**Data section**:
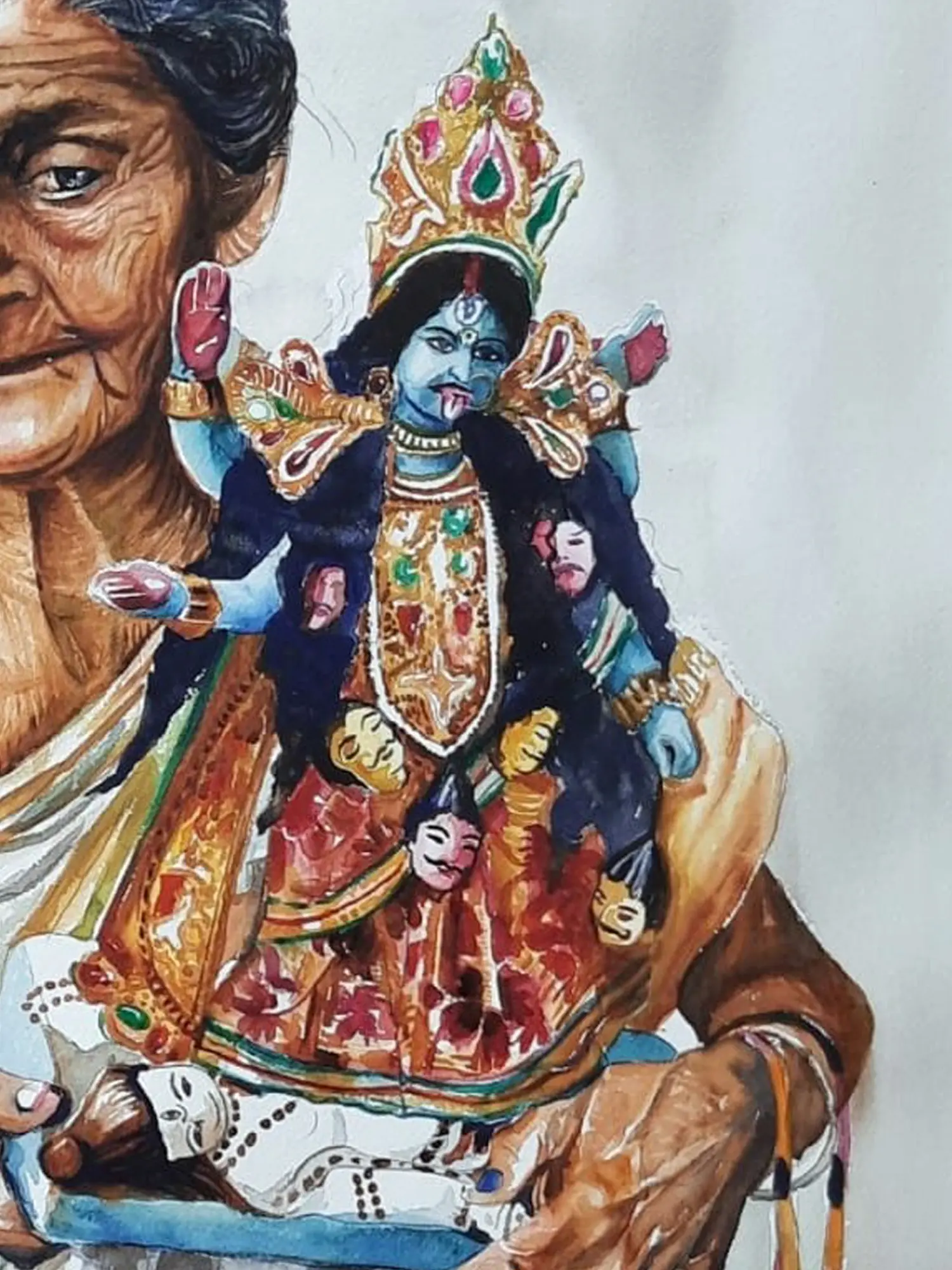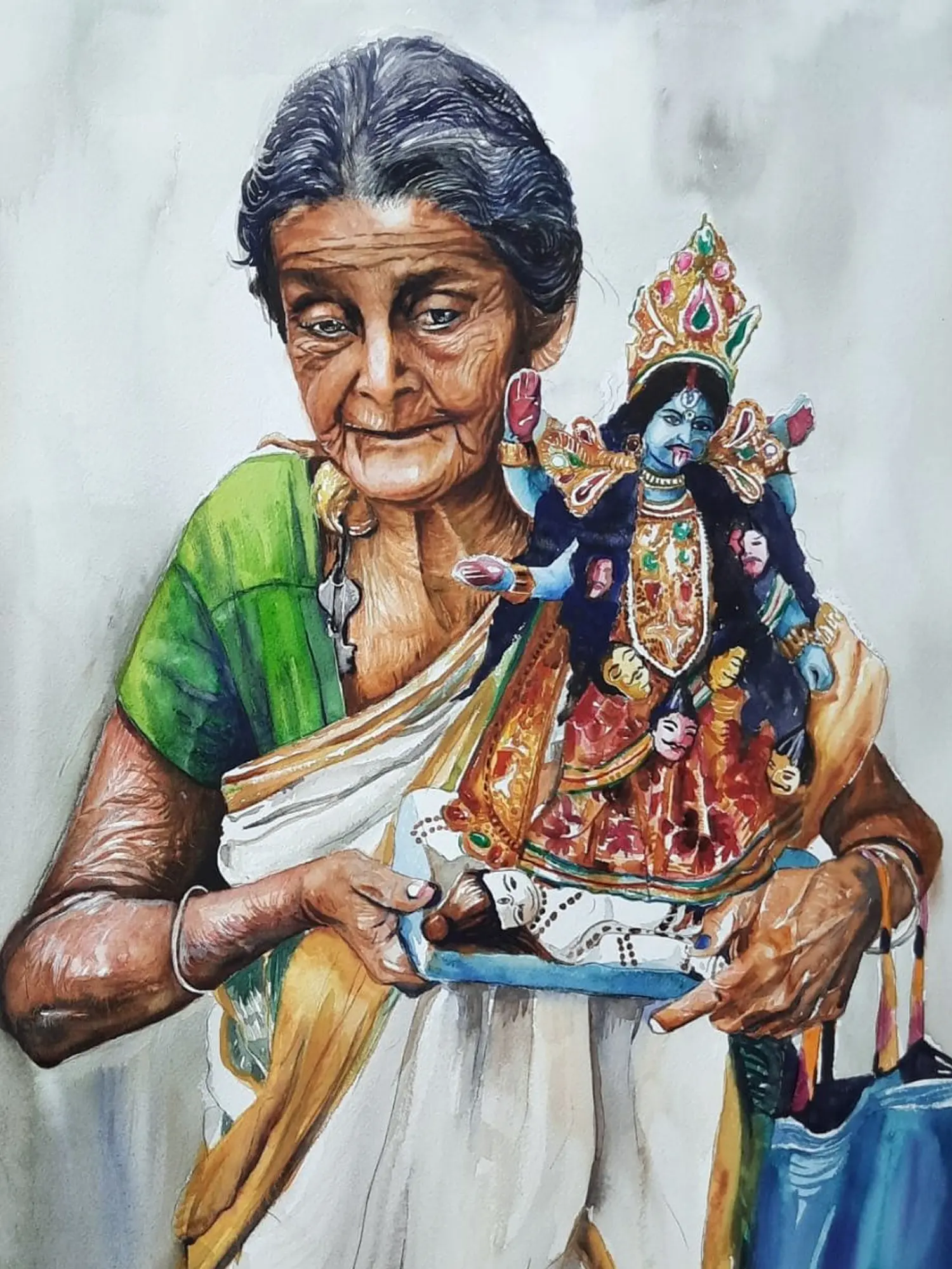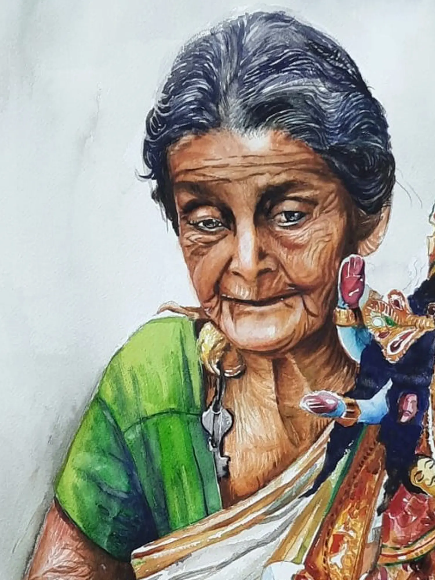 An Old Indian-Ladakhi Lady Realistic Painting | Watercolor on Paper | By Navneeth
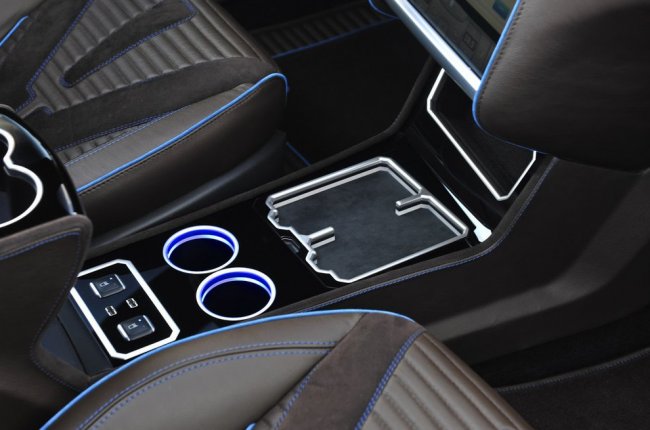В салоне Тесла Модел С от Брабус установлены дополнительные брендированные накладки на порогах из нержавеющей стали, сидения перешиты новой кожей и алькантарой с контрастной прострочкой, а подстаканники в центральном тоннеле получили функции охлаждения и подогрева, а также подсветку. Стоимость такого тюнинг-пакета не сообщается.
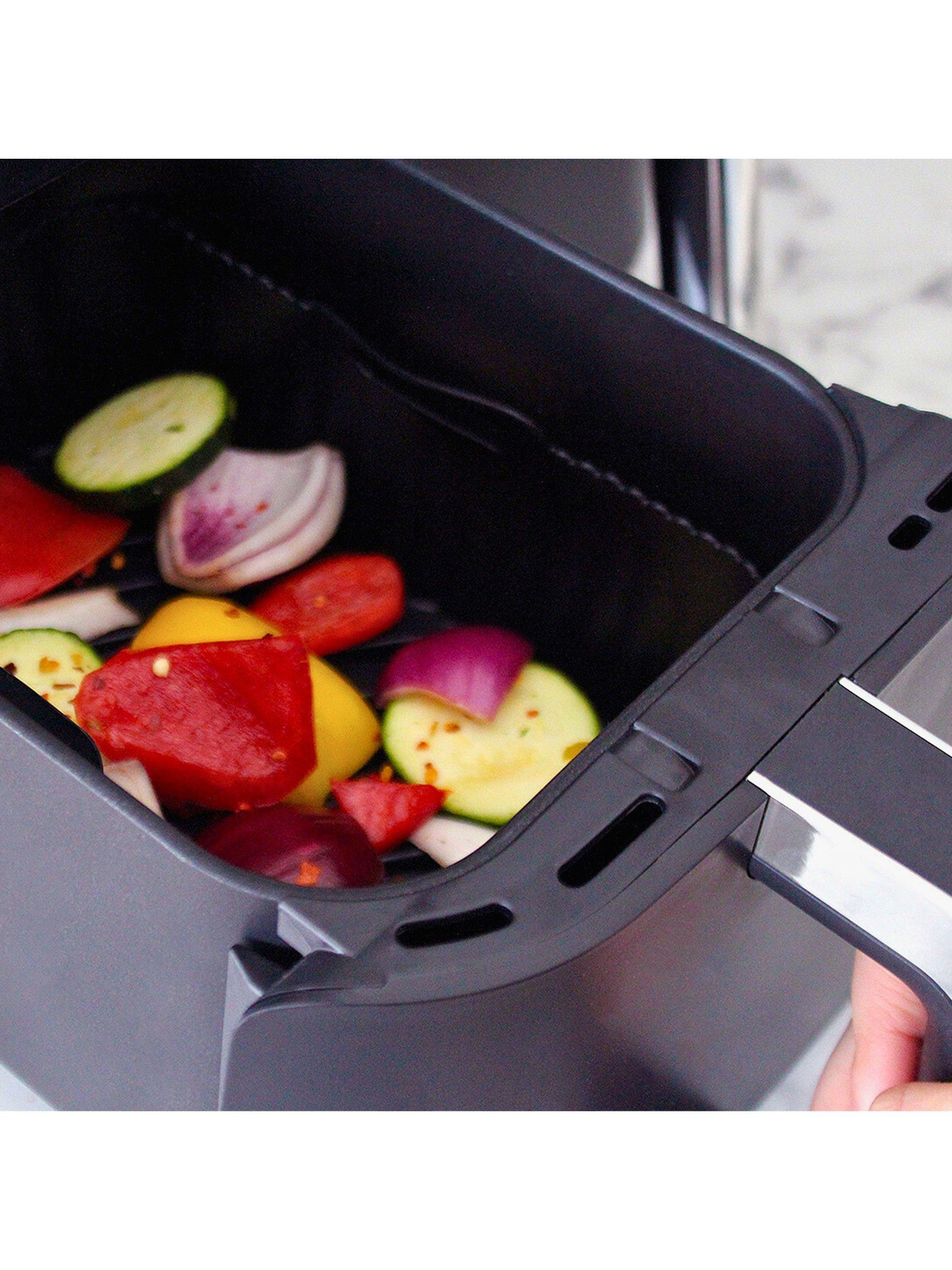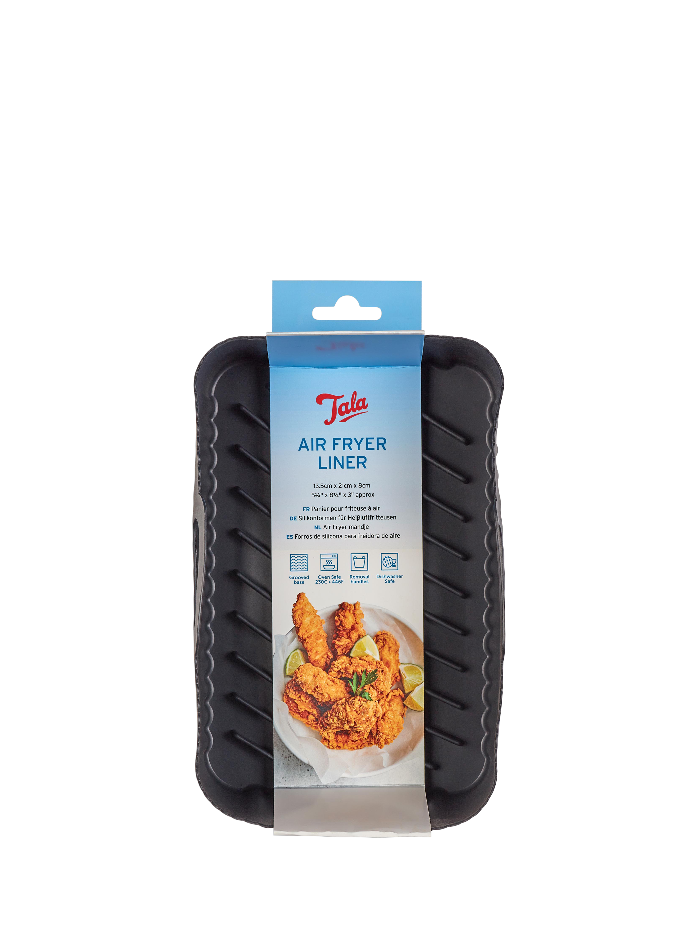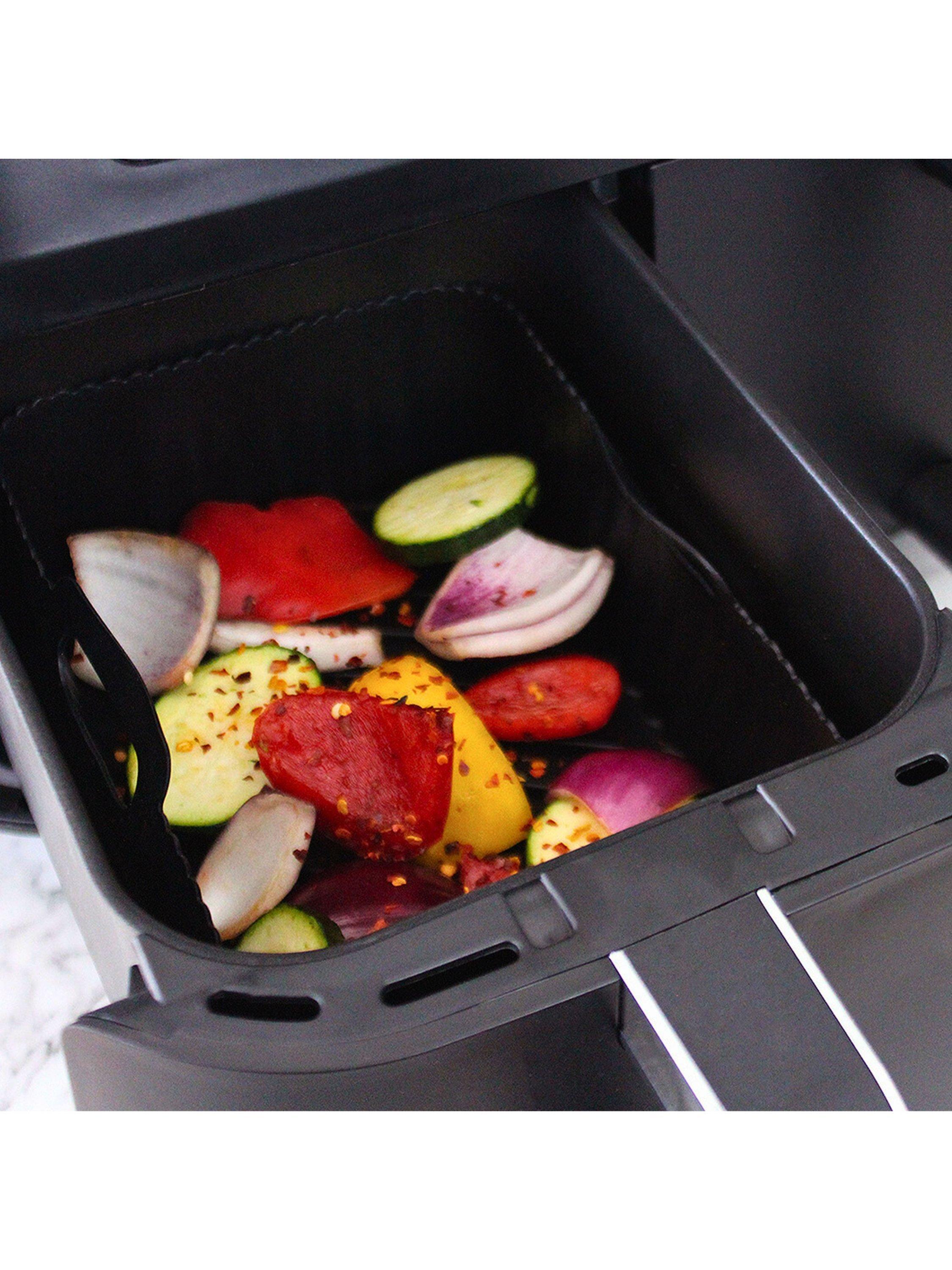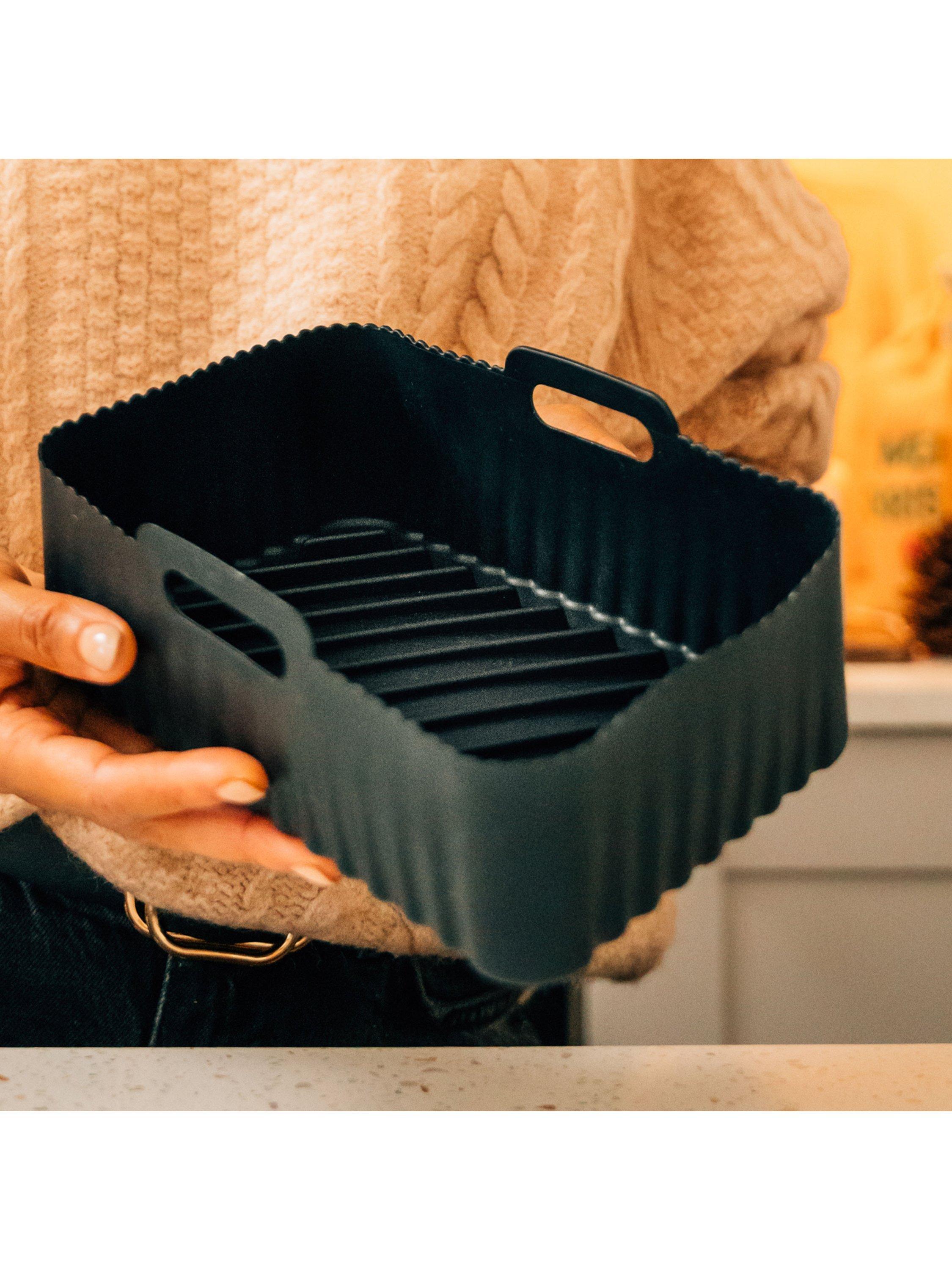 Reusable and flexible silicone liner for your air fryer. A grooved base boosts airflow and prevents food from cooking in excess oil, promoting healthier eating. Great for achieving crisper foods. The liner basket sits within your air fryer tray. Includes handles for easy removal. Dishwasher-safe for easy cleaning.

**Prompt**:
Please retype all of the material exactly, skipping whatever images it holds.

**Your response**:
 An Old Indian-Ladakhi Lady Realistic Painting | Watercolor on Paper | By Navneeth
В салоне Тесла Модел С от Брабус установлены дополнительные брендированные накладки на порогах из нержавеющей стали, сидения перешиты новой кожей и алькантарой с контрастной прострочкой, а подстаканники в центральном тоннеле получили функции охлаждения и подогрева, а также подсветку. Стоимость такого тюнинг-пакета не сообщается.
 Reusable and flexible silicone liner for your air fryer. A grooved base boosts airflow and prevents food from cooking in excess oil, promoting healthier eating. Great for achieving crisper foods. The liner basket sits within your air fryer tray. Includes handles for easy removal. Dishwasher-safe for easy cleaning.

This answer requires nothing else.